Muthana’s Case: Neither the First nor the Worst of its Kind

The State Department initially raised some concerns with respect to Muthana’s U.S. citizenship in light of the status of Muthana’s father as a U.N. diplomat at the time of her birth (children born in the U.S. to U.S.-based foreign diplomats, whose status entitles them to immunity from U.S. law, are not typically entitled to birthright citizenship). But the government obviously determined those concerns resolved in 2005 when it issued Muthana a passport, which it renewed in 2014. And Muthana was never naturalized. But after Muthana joined ISIS in Syria in 2014, the government’s position changed—the Obama Administration revoked Muthana’s passport on the basis that she was not a birthright citizen because termination of her father’s diplomatic status had not been made official before her birth (had Muthana been born after termination of her faither’s diplomatic status, he would have been subject to U.S. jurisdiction and she would thus undoubtedly have been entitled to birthright citizenship). The Trump Administration adopted this same position, arguing that Muthana had never been a U.S. citizen. Muthana’s father sued on her behalf and, in January of 2021, the D.C. Circuit Court of Appeals upheld the government’s position.

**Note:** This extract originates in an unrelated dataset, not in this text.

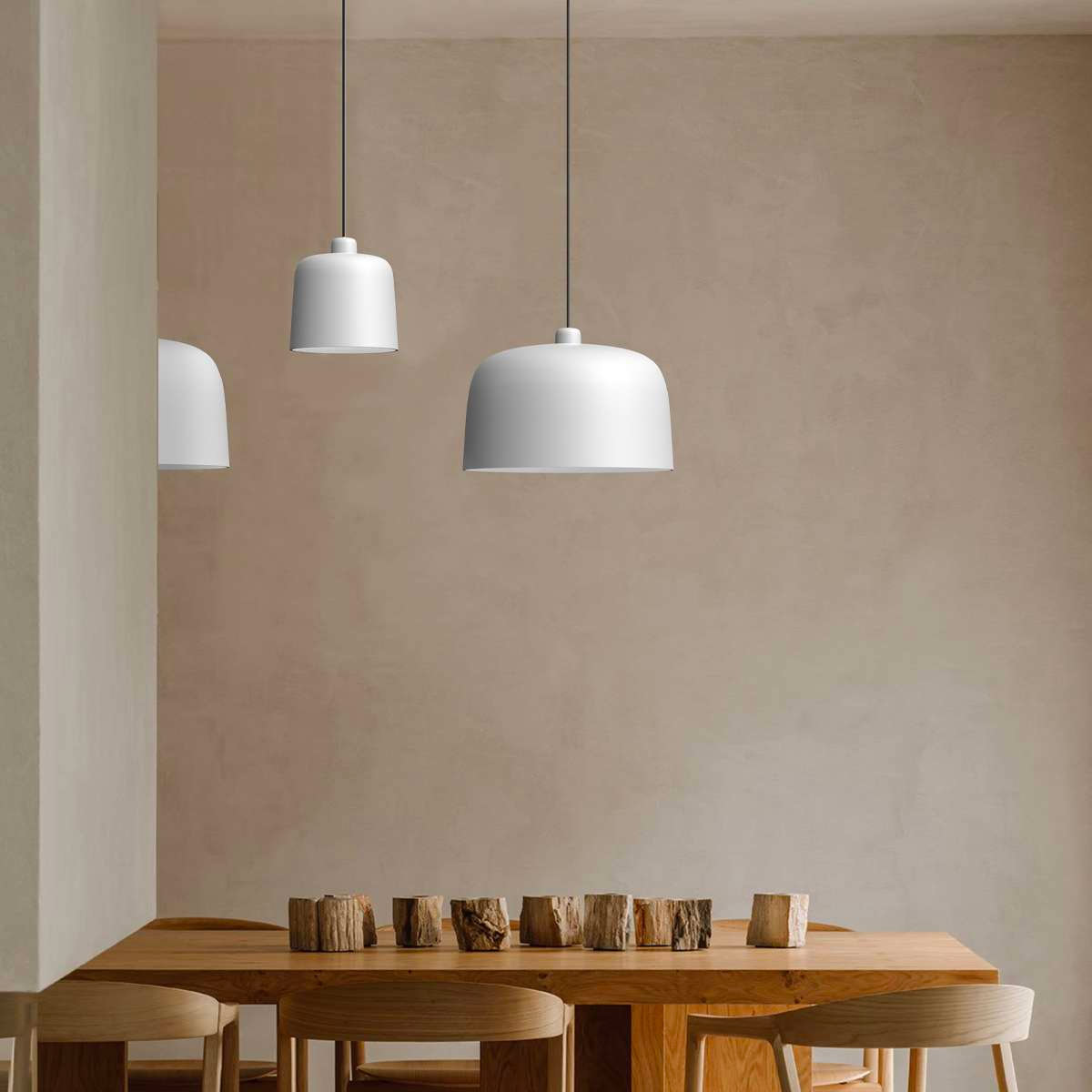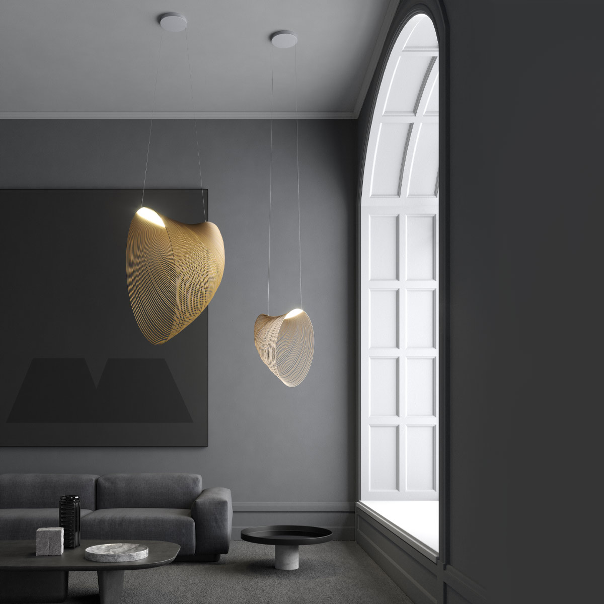 L'innovation technologique et la recherche sur les matériaux se fondent harmonieusement dans la suspension Illan de Luceplan, le projet de la jeune designer hongroise Zsuzsanna Horvath. Le caractère décoratif de la lampe est souligné par un choix original de matériaux : avec son design aérien, la pièce est composée d'un corps très léger obtenu à partir de contreplaqué découpé au laser aux lignes équidistantes, suspendu au plafond. La lampe, disponible en plusieurs tailles jusqu'à un mètre de diamètre, prend du volume par gravité, en prenant sa forme caractéristique, flottant dans l'air. Tout autour, une source lumineuse à LED crée une lueur diffuse très confortable et relaxante.

But Mr. Muthana’s appeal also presented an equitable argument: that if he had known that the State Department was issuing his daughter a passport but nevertheless also taking the position that she was not a U.S. citizen, then he would have pursued naturalization on her behalf as he did for his two other children. In response, the Court said this: “Although Muthana may have had a good faith understanding that his daughter acquired citizenship at birth, an error initially shared by the State Department, the law affords Muthana no relief. As we have explained, Hoda has never been a U.S. citizen and therefore the State Department revoked her passport, but could not strip her of a citizenship she never lawfully enjoyed.” But Muthana did enjoy all the benefits of U.S. citizenship up until the moment her passport was revoked. It is difficult to understand how revocation of those rights and benefits is not tantamount to revocation of their source—namely, citizenship itself.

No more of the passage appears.